Steel and Collas[22] have shown that lamin B are a prerequisite for cell survival. As already explained, under normal conditions PP1 is targeted to NE by AKAP149 at the end of mitosis and it induces lamin B assembly. However, if PP1 targeting to NE is inhibited, lamin B assembly is abolished and lamin B is degraded in a caspase dependent fashion. This is followed by nuclear fragmentation indicating that apoptosis mechanism has set in.

However, at the same time lamin A/C assembly remains unaffected and NE forms even in AKAP147 deficient cells, indicating that only lamin B required AKAP149-mediated concentration of PP1 for the nuclear membrane assembly [22,1]. Possible reason for this, as suggested by Steen and Collas, could lie in the distinct assembly pathways of lamin A/C and B. At mitosis, lamin A/C are more soluble than lamin B (which remain mostly membrane bound), and thus may not require spatially restricted, elevated concentration of phosphatase activity to be dephosphorylated and polymerized.

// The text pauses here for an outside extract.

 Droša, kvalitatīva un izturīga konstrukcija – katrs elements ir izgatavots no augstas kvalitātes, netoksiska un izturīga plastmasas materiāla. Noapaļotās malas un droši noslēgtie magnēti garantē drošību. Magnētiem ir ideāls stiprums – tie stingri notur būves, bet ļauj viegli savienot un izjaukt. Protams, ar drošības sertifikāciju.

Studies have shown that lamin B concentrate on the chromosome surface in telophase, and lamin A is first found in an unpolymerized form in the nucleoplasm, before it gets polymerised into the lamina [12,5]. However under in-vitro conditions if mitotic chromosomes are kept in contact with unpolymerised lamin A/C, some elements on chromosome surface induce polymerization in lamin A and C to form a coat on the surface of chromosomes [4]. This, along with the fact that PP1 is localized on chromosomes in anaphase [23], suggests that PP1 is responsible for polymerization of lamin A/C also, but some other PP1 targeting protein may be there which targets PP1 to lamin A/C and this targeting protein might be getting activated only after the major components of NE including the pore complex have assembled again.

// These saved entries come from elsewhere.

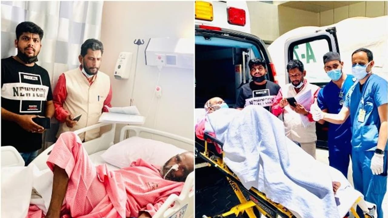 സംസാര ശേഷി നഷ്ടപ്പെട്ട ഇദ്ദേഹത്തെ കുറിച്ച് ആശുപത്രിയിലെ മലയാളി ജീവനക്കാര് നല്കിയ വിവരങ്ങള് വെച്ച് സ്പോണ്സറെ കണ്ടെത്തുകയും വിസ എക്സിറ്റ് അടിച്ചു വാങ്ങുകയുമായിരുന്നു.
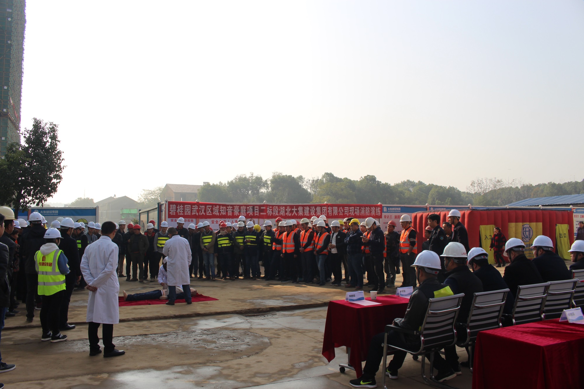蔡甸區(qū)建管站石進洲書記、周波站長、范真科長、宋樹兵科長,蔡甸區(qū)大集街道周修超主任,碧桂園武漢區(qū)域漢口片區(qū)執(zhí)行總裁屈宇宏、武昌片區(qū)執(zhí)行副總裁鄢瑞林、工程管理部副總經理葛志鵬、安全管理部副總經理吳家應、知音豪庭項目副總經理馮俊林,湖北大集建設集團副總經理徐家富等出席參加了此次消防演習活動。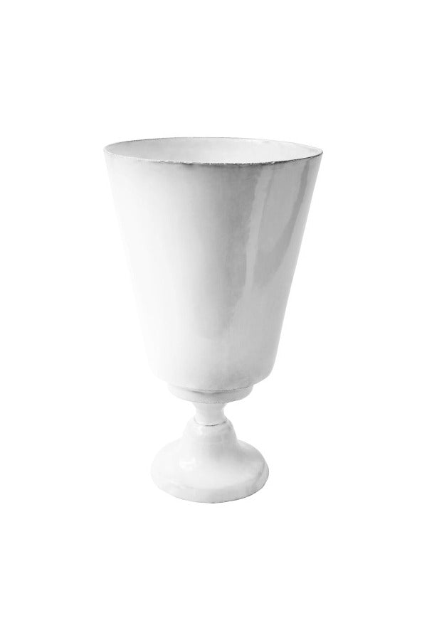 Astier de Villatte Small Simple Vase is part of the Simple Collection. Round shapes with rigorously simplified designs and volumes, edged with a border. Perennial bestsellers: the hot-chocolate cup and the large plate.

In the KE37 lymphoid cells, which normally do not express lamin A/C, failure of lamin B assembly even induces the expression of lamin A genes. It is as if cell is trying to adopt a rescue mechanism to compensate for the absence of lamin B [22,1]. To explain this phenomenon Steen and Collas have suggested the presence of a signaling mechanism that derepresses the LMNA gene in response to a mislocalization of lamin B at the end of mitosis. The interaction of lamins and lamin-binding proteins with transcriptional activators (8, 2) further supports their hypothesis.

Regardless of the nuclear assembly of lamins A/C, lamin B-deficient cells still undergo apoptosis, indicating that NE targeting of lamin B is sine qua non for cell survival. However, presence of some additional PP1 dependent apoptosis inducing mechanism, unrelated to lamin assembly, can not be ruled out [22].

Terminal differentiation

Terminal differentiation is a form of PCD mainly characterized by the process of enucleation, the minor changes such as Bcl 2 expression does not alter and cell does not become round, probably no transformation of F actin to G actin [16].

Certain reported facts about the properties and role of lamins suggest that lamins might be playing a crucial role in PCD via terminal differentiation. The expression of lamin A/C is restricted to differentiated cells only. Based on this, their role in maintenance of cell phenotype and differentiation has already been suggested [3]. Various authors have suggested their role in regulation of gene expression also, since lamins are known to interact with the key players of transcription mechanism, transcriptional activators and RNA polymerase II [8,2]. From this it can be inferred that specialized expression of lamin A/C in terminally differentiating cells might be regulating gene expression in such a manner that cell division almost ceases and the cell is directed on the track of subset of PCD, terminal differentiation. The characteristics of a cell undergoing terminal differentiation further support this hypothesis. In most of the terminally differentiating cells phenomena of enucleation is observed [15]. And lamins are known for their role in maintaining nuclear integrity, being an intergral part of nucleoskeleton and NE [19,7]. These arguments indicate that somehow disappearance of nucleus in terminal differentiation might be related to the lamin gene expression. There are strong data to substantiate the hypothesis that lamins might be involved in terminal differentiation via regulating expression of genes involved in this process, including their own gene expression.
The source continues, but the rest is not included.